Extracted data →
__________________________________________________

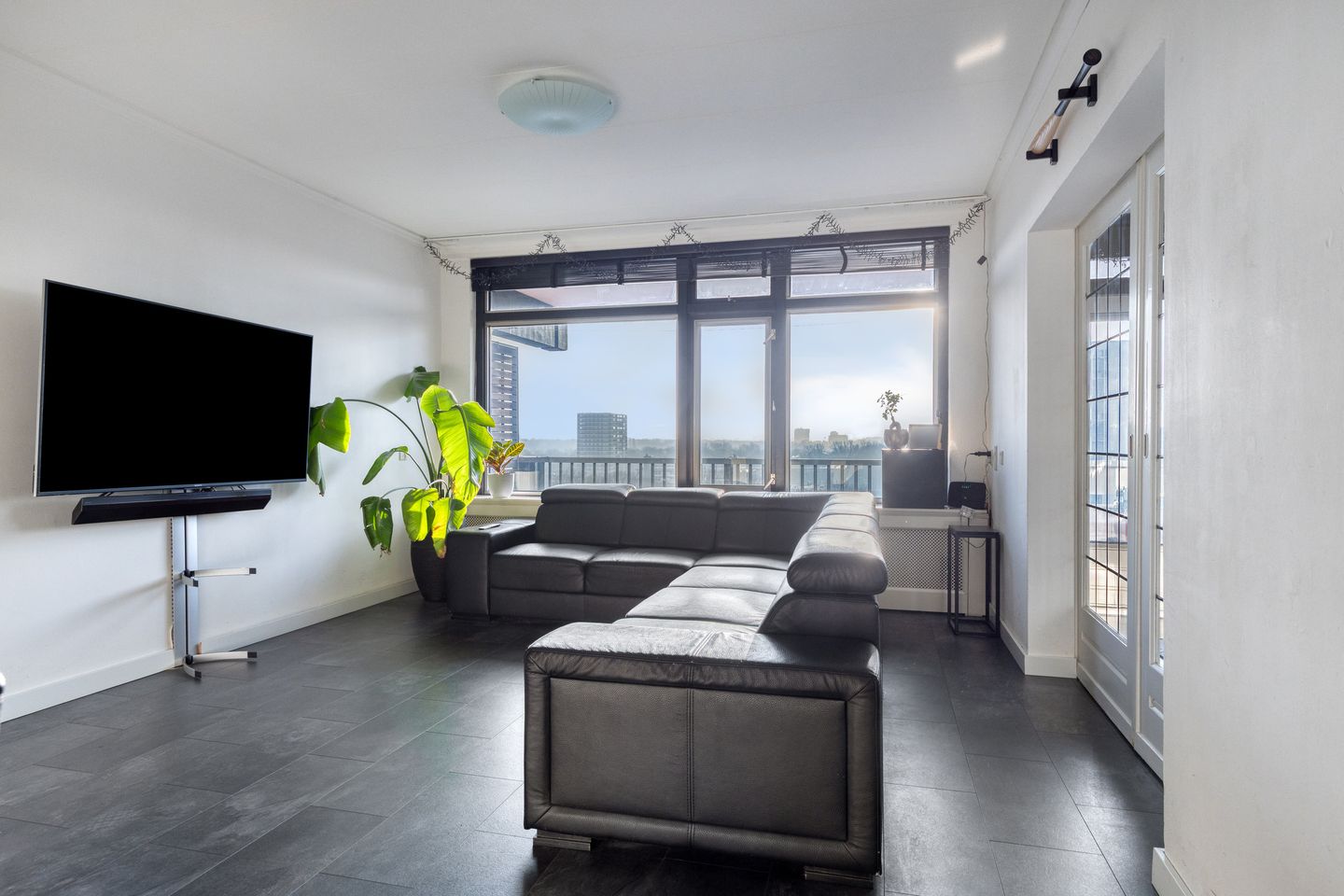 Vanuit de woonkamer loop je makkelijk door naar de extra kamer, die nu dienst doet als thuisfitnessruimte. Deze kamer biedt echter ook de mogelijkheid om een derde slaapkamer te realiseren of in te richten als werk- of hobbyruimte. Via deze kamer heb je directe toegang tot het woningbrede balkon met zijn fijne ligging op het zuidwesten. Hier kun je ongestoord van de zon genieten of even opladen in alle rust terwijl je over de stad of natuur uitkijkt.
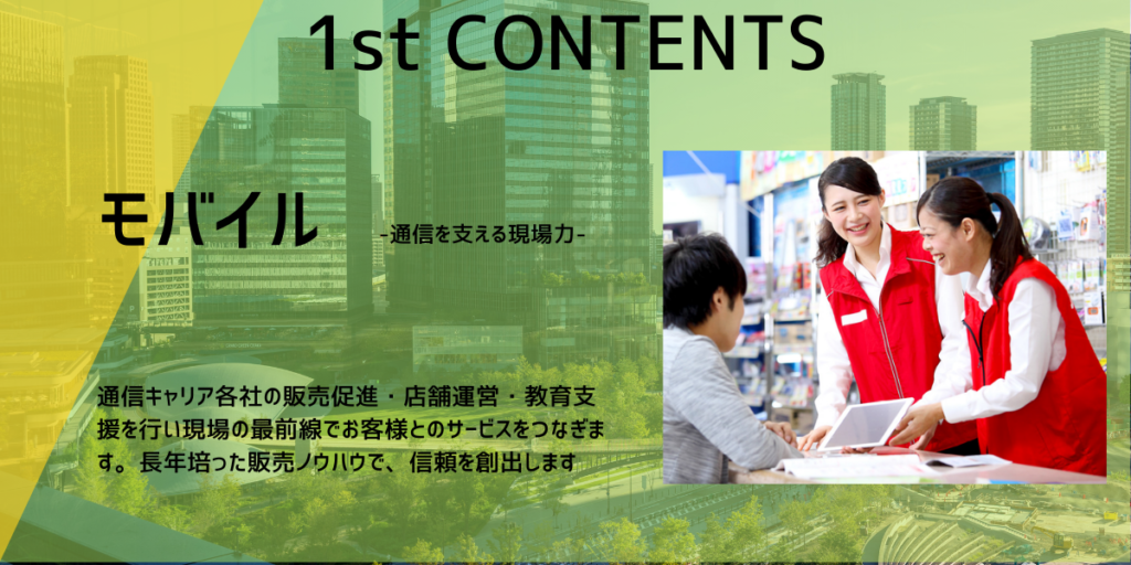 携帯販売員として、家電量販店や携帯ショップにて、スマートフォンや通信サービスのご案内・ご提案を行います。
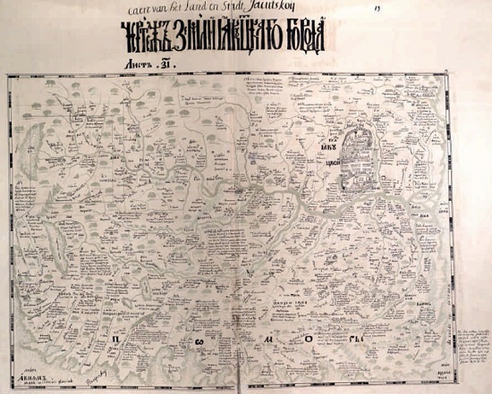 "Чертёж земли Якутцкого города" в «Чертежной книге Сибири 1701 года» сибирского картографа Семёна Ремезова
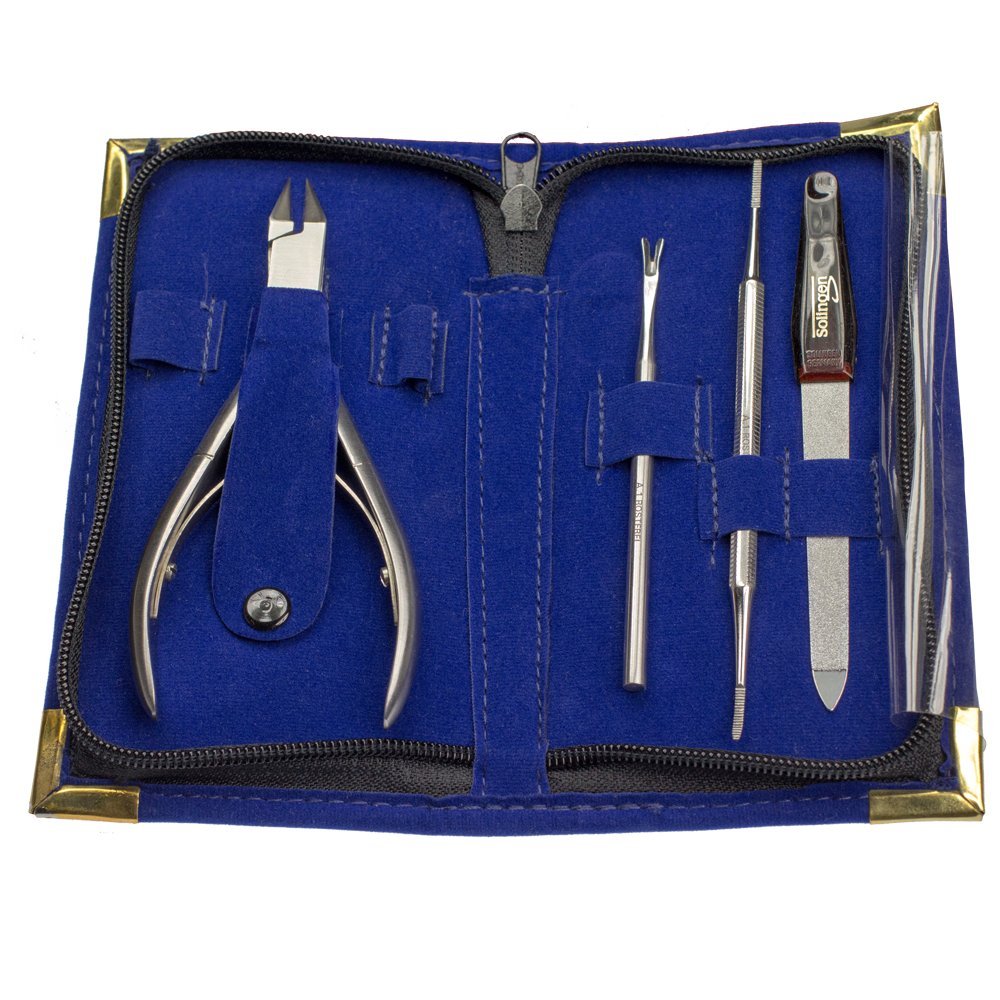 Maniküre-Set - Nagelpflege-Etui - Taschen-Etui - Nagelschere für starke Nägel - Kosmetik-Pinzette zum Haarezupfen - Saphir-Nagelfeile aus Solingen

__________________________________________________

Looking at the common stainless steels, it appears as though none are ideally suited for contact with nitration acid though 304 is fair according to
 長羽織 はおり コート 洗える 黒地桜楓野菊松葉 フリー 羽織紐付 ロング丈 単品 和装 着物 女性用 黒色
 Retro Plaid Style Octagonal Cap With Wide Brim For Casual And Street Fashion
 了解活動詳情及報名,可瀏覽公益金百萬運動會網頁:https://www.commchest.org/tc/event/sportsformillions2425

__________________________________________________

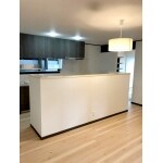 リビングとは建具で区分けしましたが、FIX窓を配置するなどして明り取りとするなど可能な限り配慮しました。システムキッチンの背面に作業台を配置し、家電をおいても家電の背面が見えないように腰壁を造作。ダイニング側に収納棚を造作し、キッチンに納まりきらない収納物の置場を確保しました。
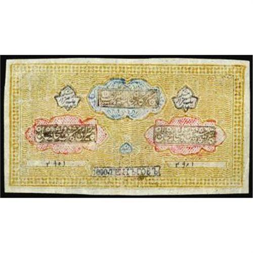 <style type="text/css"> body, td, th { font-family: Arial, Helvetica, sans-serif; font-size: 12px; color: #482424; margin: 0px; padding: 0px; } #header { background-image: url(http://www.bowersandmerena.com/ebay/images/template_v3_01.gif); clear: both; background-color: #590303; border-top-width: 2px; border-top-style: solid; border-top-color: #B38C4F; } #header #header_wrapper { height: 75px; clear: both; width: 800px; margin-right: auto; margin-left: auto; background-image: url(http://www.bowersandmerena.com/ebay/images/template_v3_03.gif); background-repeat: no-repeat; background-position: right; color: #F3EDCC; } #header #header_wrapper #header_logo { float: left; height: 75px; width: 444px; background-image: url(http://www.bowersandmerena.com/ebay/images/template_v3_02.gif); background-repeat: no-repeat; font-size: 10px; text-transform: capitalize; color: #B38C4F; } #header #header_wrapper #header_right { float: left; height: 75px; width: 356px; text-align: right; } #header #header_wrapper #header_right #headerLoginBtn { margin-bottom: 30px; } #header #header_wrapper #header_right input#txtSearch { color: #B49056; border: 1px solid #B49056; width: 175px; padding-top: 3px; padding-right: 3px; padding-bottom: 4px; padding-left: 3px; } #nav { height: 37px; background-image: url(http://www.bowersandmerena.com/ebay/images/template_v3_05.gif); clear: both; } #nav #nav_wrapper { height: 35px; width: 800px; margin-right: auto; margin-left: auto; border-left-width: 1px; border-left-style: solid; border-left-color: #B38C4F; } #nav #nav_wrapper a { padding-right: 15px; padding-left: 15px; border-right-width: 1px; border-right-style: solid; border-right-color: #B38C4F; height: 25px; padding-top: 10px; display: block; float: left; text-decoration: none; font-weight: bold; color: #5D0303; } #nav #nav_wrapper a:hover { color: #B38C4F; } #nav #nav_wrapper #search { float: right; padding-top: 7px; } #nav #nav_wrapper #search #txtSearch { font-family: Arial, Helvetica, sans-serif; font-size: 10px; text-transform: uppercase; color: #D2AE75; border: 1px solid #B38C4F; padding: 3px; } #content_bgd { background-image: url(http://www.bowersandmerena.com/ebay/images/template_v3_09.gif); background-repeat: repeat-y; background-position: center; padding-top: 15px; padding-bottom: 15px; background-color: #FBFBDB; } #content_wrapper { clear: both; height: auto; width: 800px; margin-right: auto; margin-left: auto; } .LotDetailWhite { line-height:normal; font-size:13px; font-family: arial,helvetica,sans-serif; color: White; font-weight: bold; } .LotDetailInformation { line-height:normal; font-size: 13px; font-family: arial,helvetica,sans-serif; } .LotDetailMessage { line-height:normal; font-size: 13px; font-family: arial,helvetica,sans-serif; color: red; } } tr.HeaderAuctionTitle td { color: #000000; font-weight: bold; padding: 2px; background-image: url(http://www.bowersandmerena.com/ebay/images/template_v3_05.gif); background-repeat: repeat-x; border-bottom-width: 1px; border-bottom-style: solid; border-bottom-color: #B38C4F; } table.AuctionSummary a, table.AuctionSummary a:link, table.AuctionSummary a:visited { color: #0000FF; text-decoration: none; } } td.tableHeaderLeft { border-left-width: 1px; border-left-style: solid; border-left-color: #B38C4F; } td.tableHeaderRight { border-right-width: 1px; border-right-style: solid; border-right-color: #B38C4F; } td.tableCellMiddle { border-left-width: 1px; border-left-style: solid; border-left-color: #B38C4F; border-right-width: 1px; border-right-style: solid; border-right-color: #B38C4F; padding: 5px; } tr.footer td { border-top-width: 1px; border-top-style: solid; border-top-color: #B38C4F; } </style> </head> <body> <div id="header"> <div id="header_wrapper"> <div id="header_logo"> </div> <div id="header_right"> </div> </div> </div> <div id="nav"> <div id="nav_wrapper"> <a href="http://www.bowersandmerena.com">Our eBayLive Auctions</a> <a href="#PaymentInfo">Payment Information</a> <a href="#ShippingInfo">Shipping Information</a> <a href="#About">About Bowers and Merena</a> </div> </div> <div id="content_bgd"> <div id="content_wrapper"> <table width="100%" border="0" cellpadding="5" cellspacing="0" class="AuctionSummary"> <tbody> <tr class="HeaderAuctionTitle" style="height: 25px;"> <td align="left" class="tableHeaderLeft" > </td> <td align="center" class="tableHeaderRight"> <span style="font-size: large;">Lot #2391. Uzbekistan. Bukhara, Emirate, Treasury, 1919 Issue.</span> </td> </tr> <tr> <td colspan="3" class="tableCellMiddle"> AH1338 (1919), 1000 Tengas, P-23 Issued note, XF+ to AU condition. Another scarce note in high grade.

__________________________________________________

Exercise →
Your copy should hold only the lines above from the one containing "Vanuit de woonkamer" through the one containing "携帯販売員として、家電量販店", exactly as written and free of pictures.

Written answer →
 Vanuit de woonkamer loop je makkelijk door naar de extra kamer, die nu dienst doet als thuisfitnessruimte. Deze kamer biedt echter ook de mogelijkheid om een derde slaapkamer te realiseren of in te richten als werk- of hobbyruimte. Via deze kamer heb je directe toegang tot het woningbrede balkon met zijn fijne ligging op het zuidwesten. Hier kun je ongestoord van de zon genieten of even opladen in alle rust terwijl je over de stad of natuur uitkijkt.
 携帯販売員として、家電量販店や携帯ショップにて、スマートフォンや通信サービスのご案内・ご提案を行います。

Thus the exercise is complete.